Test 3: Response Quality and Tone

Next, we’ll evaluate properties that can’t be captured by pattern matching — specifically, whether the bot sounds professional and whether its response is actually complete. Two separate LLMJudge checks are used here rather than one combined prompt so that each dimension reports its result independently, making it easier to diagnose which aspect failed.

Evaluate response quality using LLM-as-a-judge:

from giskard.checks import Scenario, LLMJudge

bot = SimpleChatbot(personality="professional")

tc = (
    Scenario("response_quality_test")
    .interact(
        inputs="I need help understanding your pricing",
        outputs=lambda inputs: bot.chat(inputs),
    )
    .check(
        LLMJudge(
            name="tone_check",
            prompt="""
            Evaluate the tone of this chatbot response.

            User message: {{ inputs }}
            Bot response: {{ outputs.message }}
            Expected personality: professional

            Check:
            1. Is the tone professional?
            2. Is it helpful and clear?
            3. Does it address the user's question?

            Return 'passed: true' if tone is appropriate.
            """,
        )
    )
    .check(
        LLMJudge(
            name="completeness",
            prompt="""
            Evaluate if the response is complete.

            User: {{ inputs }}
            Bot: {{ outputs.message }}

            Does the response:
            1. Acknowledge the user's question?
            2. Provide next steps or information?
            3. Offer to help further?

            Return 'passed: true' if response is complete.
            """,
        )
    )
)

Test 4: Information Extraction and Storage

Now we’ll verify that information shared across turns is actually persisted in the context.
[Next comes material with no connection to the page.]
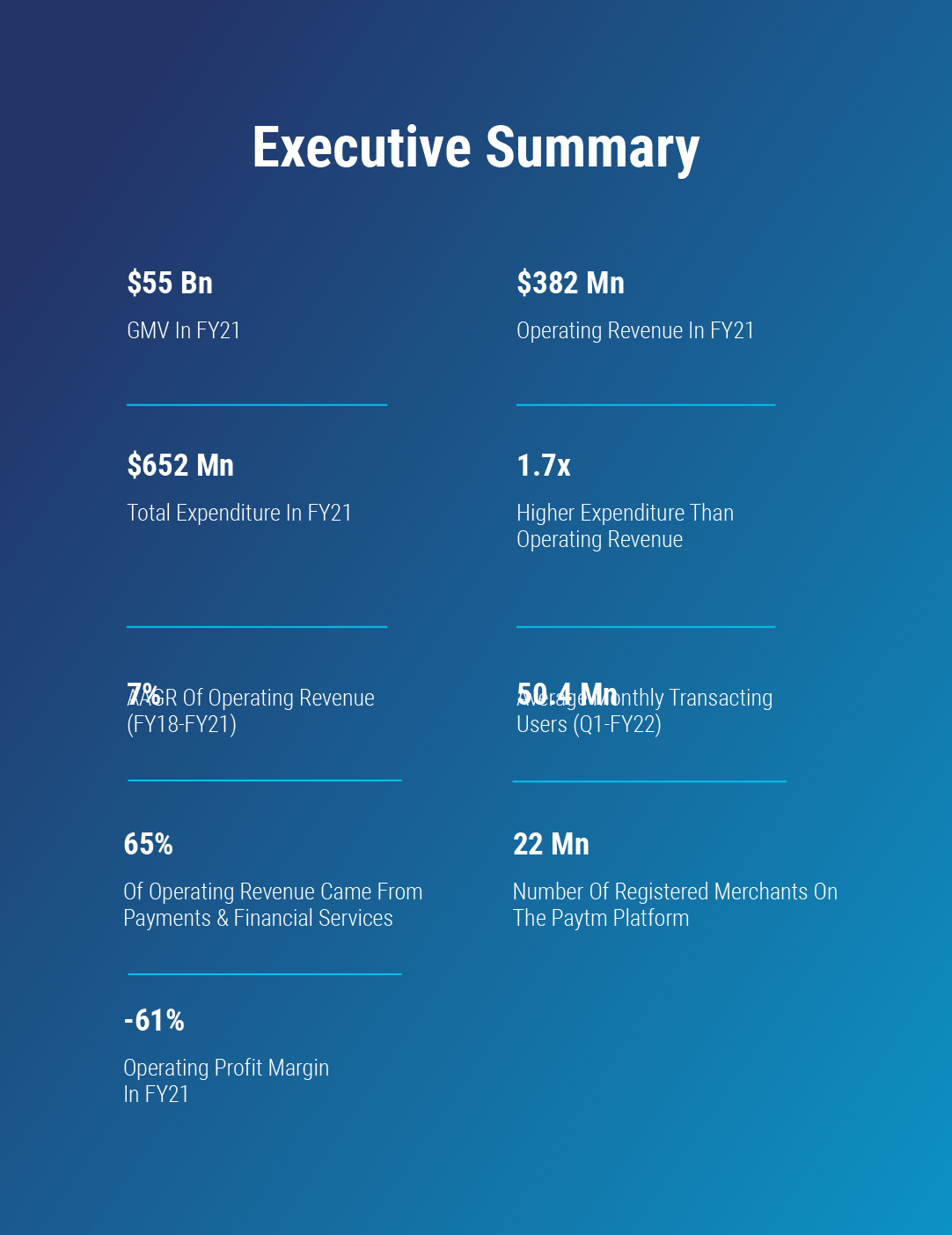 Over the years, the fintech market in India has expanded beyond money transfers and bill payments. Paytm , an application which was launched primarily as a mobile wallet to facilitate money transfers and mobile recharges, today offers an array of services ranging from equity investments to insurances indicating that full-stack fintech applications are the need of the hour in the Indian digital economy. Backed by the likes of SoftBank, Alibaba Group, T. Rowe Price and others. Paytm clocked in a total operating revenue of $382 Mn in FY21. Compared to FY19 the operating revenue of the company has tanked by 13% primarily due to the diminishing share of revenue from commerce and cloud services over the same period. The revenue from commerce and cloud services of the company took a major hit due to the pandemic and witnessed a decrease in revenue share from 47.5% (in total FY19 revenue) to 25% in the total FY21 revenue. However, the share of payments and financial services increased by 22 percentage points from 52.5% (in FY19 ) to 75% (in FY21).

This test is intentionally structured to introduce name and email in separate turns — the final interaction then confirms both fields are still intact, ruling out extraction bugs that clear previous data.
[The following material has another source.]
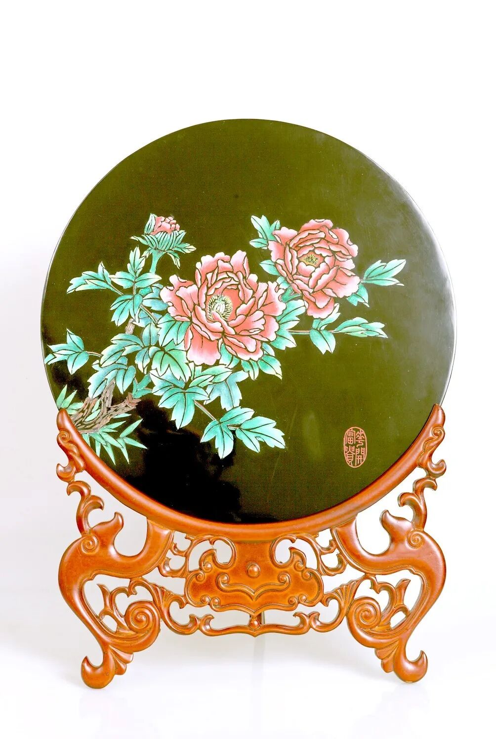 刻填彩漆画《花开富贵》。杨细容 作

Test the chatbot’s ability to extract and remember user information:

from giskard.checks import Scenario, FnCheck, Equals

bot = SimpleChatbot()

test_scenario = (
    Scenario("information_collection")
    # Collect name
    .interact(
        inputs="Hi, I'm Bob Johnson", outputs=lambda inputs: bot.chat(inputs)
    )
    .check(
        Equals(
            name="extracted_name",
            expected_value="Bob",
            key="trace.last.outputs.context.user_name",
        )
    )
    # Collect email
    .interact(
        inputs="My email is bob.johnson@example.com",
        outputs=lambda inputs: bot.chat(inputs),
    )
    .check(
        Equals(
            name="extracted_email",
            expected_value="bob.johnson@example.com",
            key="trace.last.outputs.context.user_email",
        )
    )
    # Verify information persists
    .interact(
        inputs="Can you remind me what information you have about me?",
        outputs=lambda inputs: bot.chat(inputs),
    )
    .check(
        FnCheck(fn=
            lambda trace: (
                trace.last.outputs.context.user_name == "Bob"
                and trace.last.outputs.context.user_email
                == "bob.johnson@example.com"
            ),
            name="information_persisted",
            success_message="Chatbot retained user information",
            failure_message="Chatbot lost user information",
        )
    )
)

Test 5: Edge Cases and Error Handling

With normal flows verified, we now stress-test the boundaries. Each of the three scenarios below targets a different failure mode — empty input, excessive length, and nonsense — so you can confirm the bot handles all of them gracefully before shipping.

Test how the chatbot handles unusual inputs:

from giskard.checks import Scenario, FnCheck, LLMJudge

bot = SimpleChatbot()

# Test empty input
tc_empty = (
    Scenario("empty_input_handling")
    .interact(
        inputs="",
        outputs=lambda inputs: (
            bot.chat(inputs)
            if inputs
            else ChatResponse(
                message="I didn't receive a message. Could you try again?",
                context=bot.context,
            )
        ),
    )
    .check(
        FnCheck(fn=
            lambda trace: len(trace.last.outputs.message) > 0,
            name="provides_response",
            success_message="Bot provided a response to empty input",
        )
    )
)

# Test very long input
tc_long = (
    Scenario("long_input_handling")
    .interact(inputs="Hello " * 1000, outputs=lambda inputs: bot.chat(inputs))
    .check(
        FnCheck(fn=
            lambda trace: len(trace.last.outputs.message) > 0,
            name="handles_long_input",
            success_message="Bot handled long input",
        )
    )
)

# Test gibberish
tc_gibberish = (
    Scenario("gibberish_handling")
    .interact(
        inputs="asdfghjkl qwertyuiop zxcvbnm",
        outputs=lambda inputs: bot.chat(inputs),
    )
    .check(
        LLMJudge(
            name="graceful_response",
            prompt="""
            Evaluate if the bot handles gibberish gracefully.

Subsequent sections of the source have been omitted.